Kendrick Lamar performing at Øyafestivalen in 2013 [Source: Kim Erlandsen, NRK P3]

Comparatively, Caste by Isabelle Wilkerson, a Pulitzer Prize-winning book, is a robust history that chronicles the foreground of the US racial tensions we observe today. Largely, the book consists of a profoundly regrettable collection of casualties and acts of racism throughout American history.  While powerful as a historical reference, social commentary, and traditional piece of journalism, Caste remains somewhat impersonal, missing the narrative that Lamar provides with his music. 

Lamar’s creation exists in a gray area between journalism and art, but the product is essential for grasping the bigger picture of racism and how it personally affects respective populations in the United States, although it lacks what the American Press Institute would traditionally label as journalism since Lamar does not, “Maintain independence of those they cover.” 

Instead, Lamar’s introspection, or self-coverage, is what makes his story resonate, giving it extra value in today’s racially charged context. Personal narrative journalism and podcasting, a study by Mia Lindgrom and Speaking Personally by Rosalind Coward implore the wide acknowledgment of “confessional storytelling,” as an increasingly essential aspect of journalism. The internal struggle and things not directly observed in photos, videos, or statistics, are often vacant or glossed over in more traditional forms of journalism that target non-bias, making the personal narrative a particularly powerful tool for conveying human stories. 

“Wicked or weakness; you decide, are we gonna live or die.” BLOOD, the first song on DAMN, paints a picture where Lamar offers to help a struggling elderly woman who lost something, who in return, tells him he will lose his life. This is followed by an ambiguous sound, almost resembling a gunshot, and the words, “Am I wicked?” 

It’s not immediately obvious that someone might think of themselves as wicked because of how society boxed them according to the color of their skin. This social provocation may itself cause someone to be wicked — or vindictive; or alternatively, as Lamar suggests, make them feel weak because they are a victim of social packaging. 

The chasms Lamar describes are dangerous to one’s identity. Lamar is dealing with a layer cake of cognitive dissonance as a product of his race. Proud of who he is, he receives constant social reminders that he shouldn’t be; perpetuating the unresolvable dichotomies coexisting within Lamar’s identity. He can’t win.

This destructive cycle of socially inflicted personal conflict may otherwise remain a facet of racial tensions that never surfaced were it not for the work of Lamar and similar artists.
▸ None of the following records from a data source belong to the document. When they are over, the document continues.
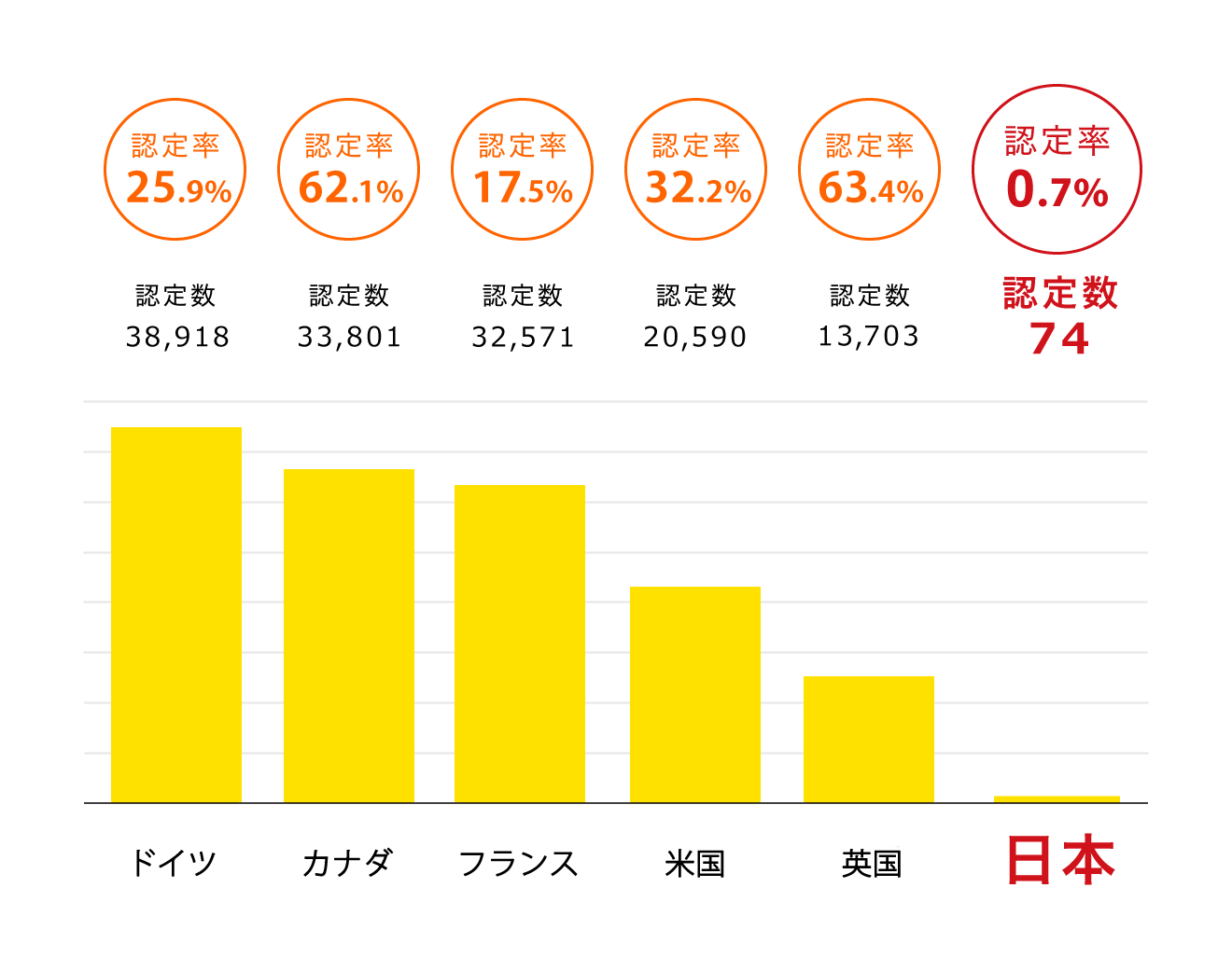 (参考)申請をした年と結果が出る年が異なることが多いため、その年の認定数を同年の「申請数」で割る計算は正確ではなく、国際的に上記の算出方法が採用されています。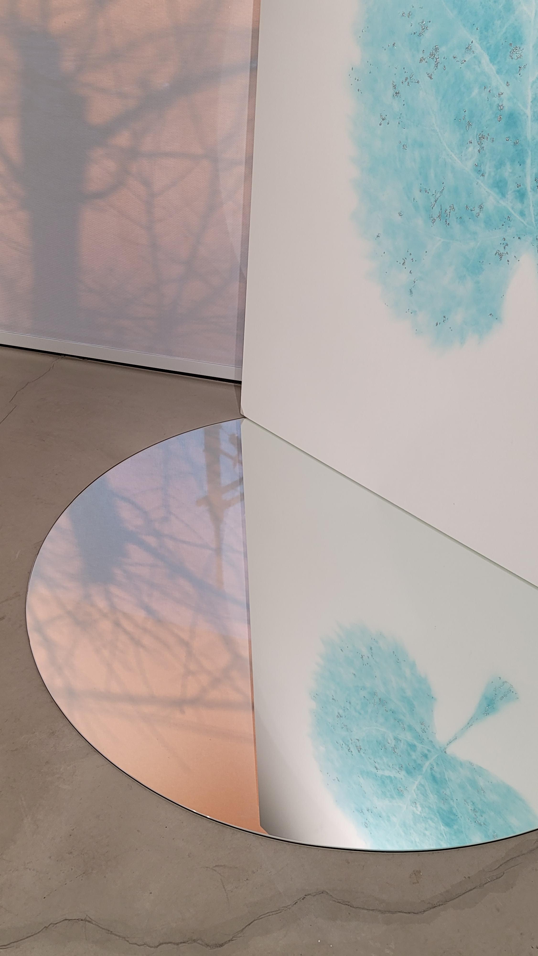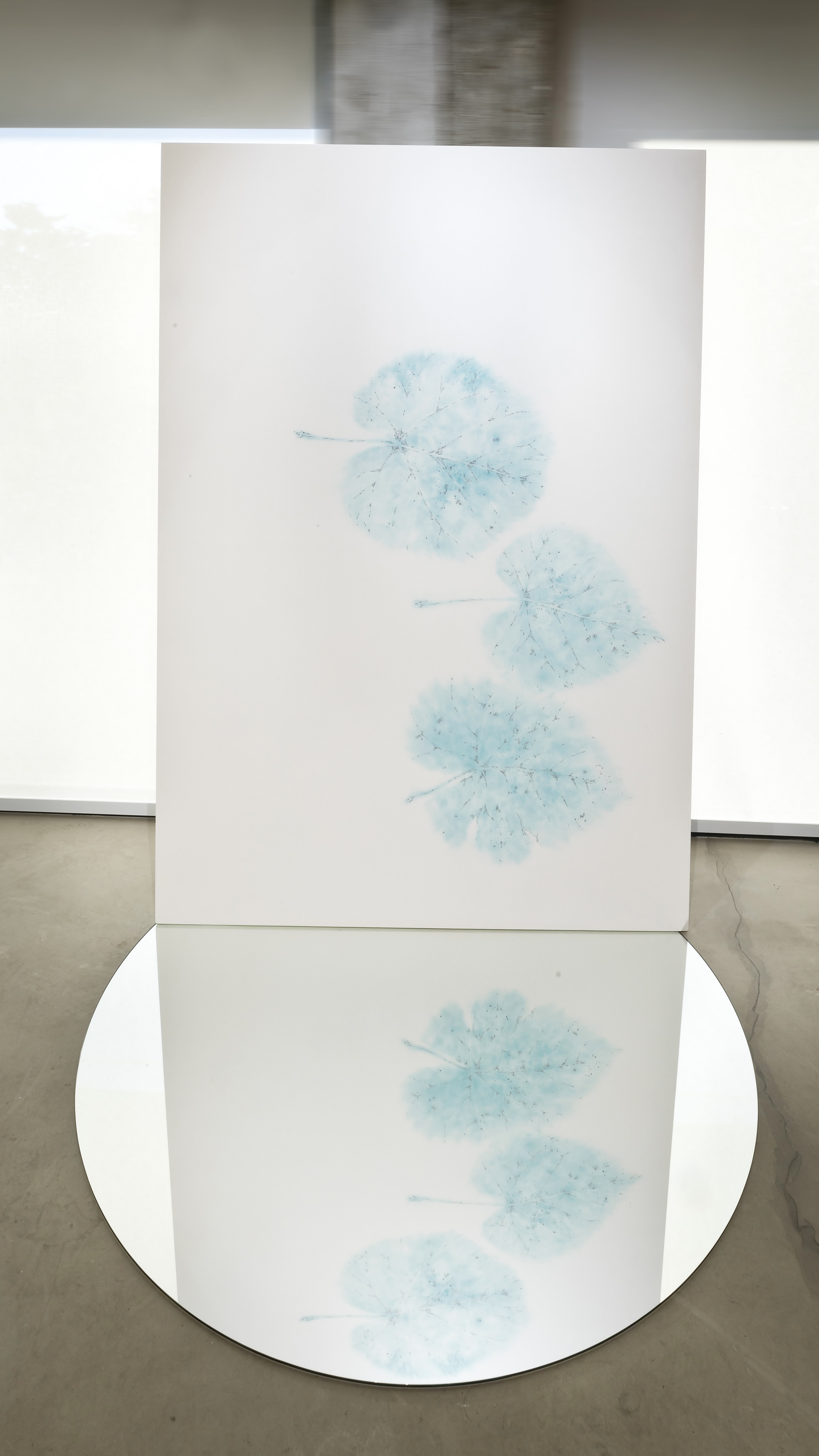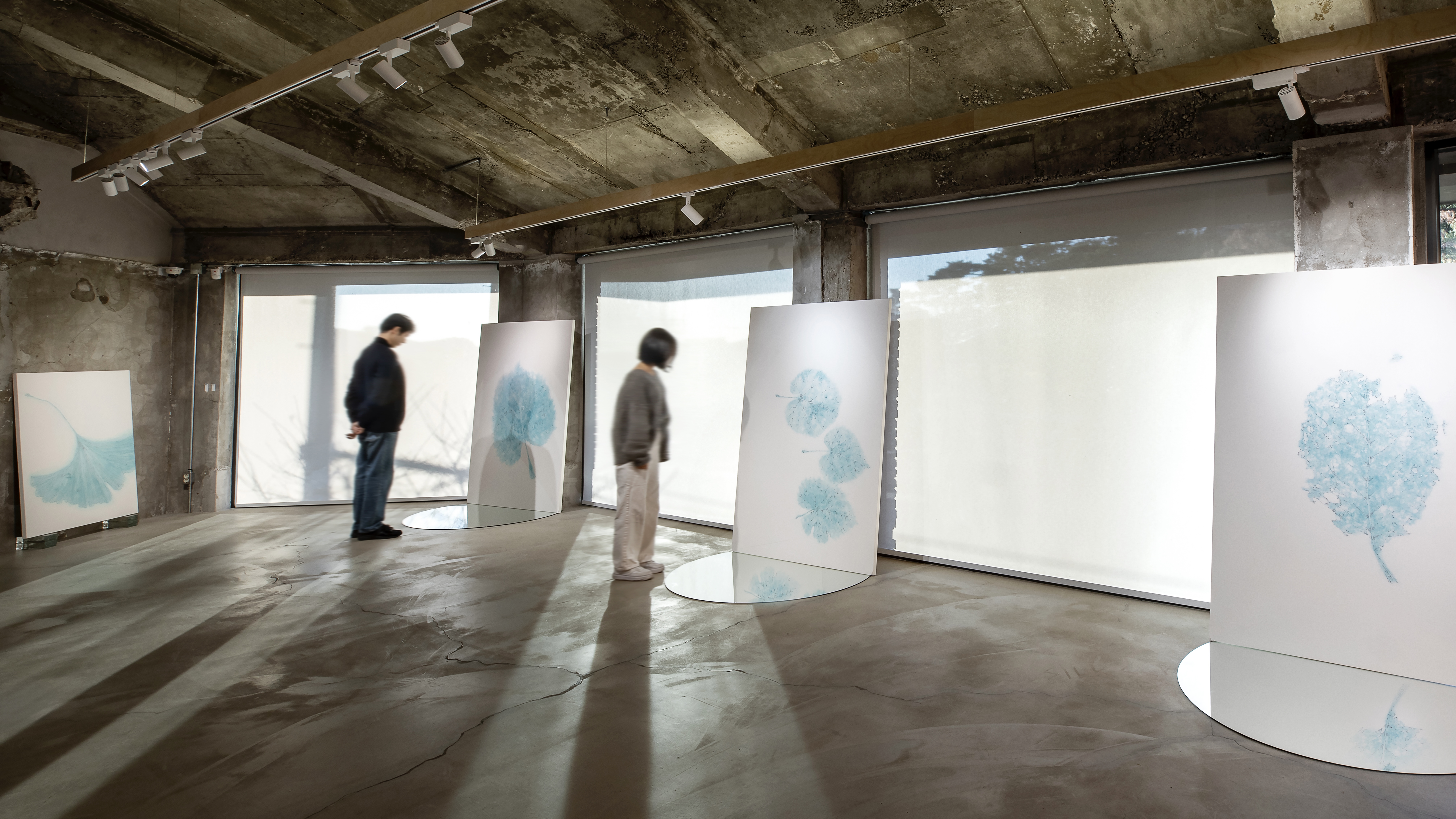 더 나아가 거울에 반전되어 떠오른 잎의 그림자, 관람하는 각도와 시선의 높낮이에 따라 푸른 생명의 에너지가 바람을 타고 생동하는 장면의 포착, 푸른 잎에 투영된 자화상과 함께 본인의 모습을 바라보는 관람객의 시선, 개인의 관념에 따라 다양한 감상이 발현되는 순간들을 상상하며 기획했다.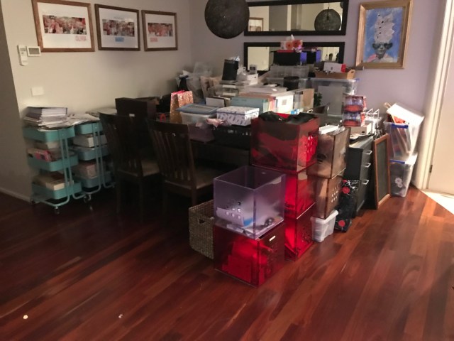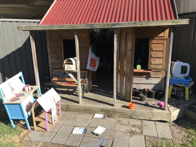 The biggest decision I made was to not put anything back in before I at least looked through it and sorted it to some degree. I half filled the rubbish bin (in my shire in Australia these are a 80L wheelie bin) with non recyclable items. These items were also not suitable to donation or sale to others. I also 2/3 filled the 120L recycle bin. Mainly with old paperwork and things that I’d been saving for goodness knows what purpose. I have a new stash of stuff to sell at my next garage sale event. My children of course got a stash of stuff to add to their own craft room. Their craft room is the old cubby house that one weekend we turned it into their craft room. My daughter took great pleasure in painting the walls – Jackson Pollock has a rival I think. You can see the video of her creation here. Below are a few of the before photos.

In the context of George Floyd and Breonna Taylor’s deaths, this album strikes an extra chord.

Lamar is an artist, whose work, given its relevance to socially pertinent issues, bleeds into journalism, even quietly remarking on the role of media in race relations.

While Lamar doesn’t perform interviews in a traditional sense, he does collect additional sources, a duty essential to journalism, according to the American Press Institute. At the end of BLOOD, Lamar uses a sound clip with commentary on his work from an unknown media source. 

We hear a man’s voice, “Lamar stated his views on police brutality with his line in that song quote ‘and we hate the po-po, wanna kill us in the street, fo sho.’ A female chimes in, ‘Oh please, I don’t like it.” 

Perhaps ironically, her words are no more objective, truthful, or essential to the conversation than Lamar’s artistry, yet from the clip, it is apparent that she works under the guise of journalism.

Though he never cites the media source, which is the responsibility of a journalist, its integration into his music helps drive his narrative home. Ultimately, Lamar exposes the unremitting and profound internal struggles of the black community that remain largely unexplored in America today, leaving Lamar somewhere in the gray area between artist and journalist.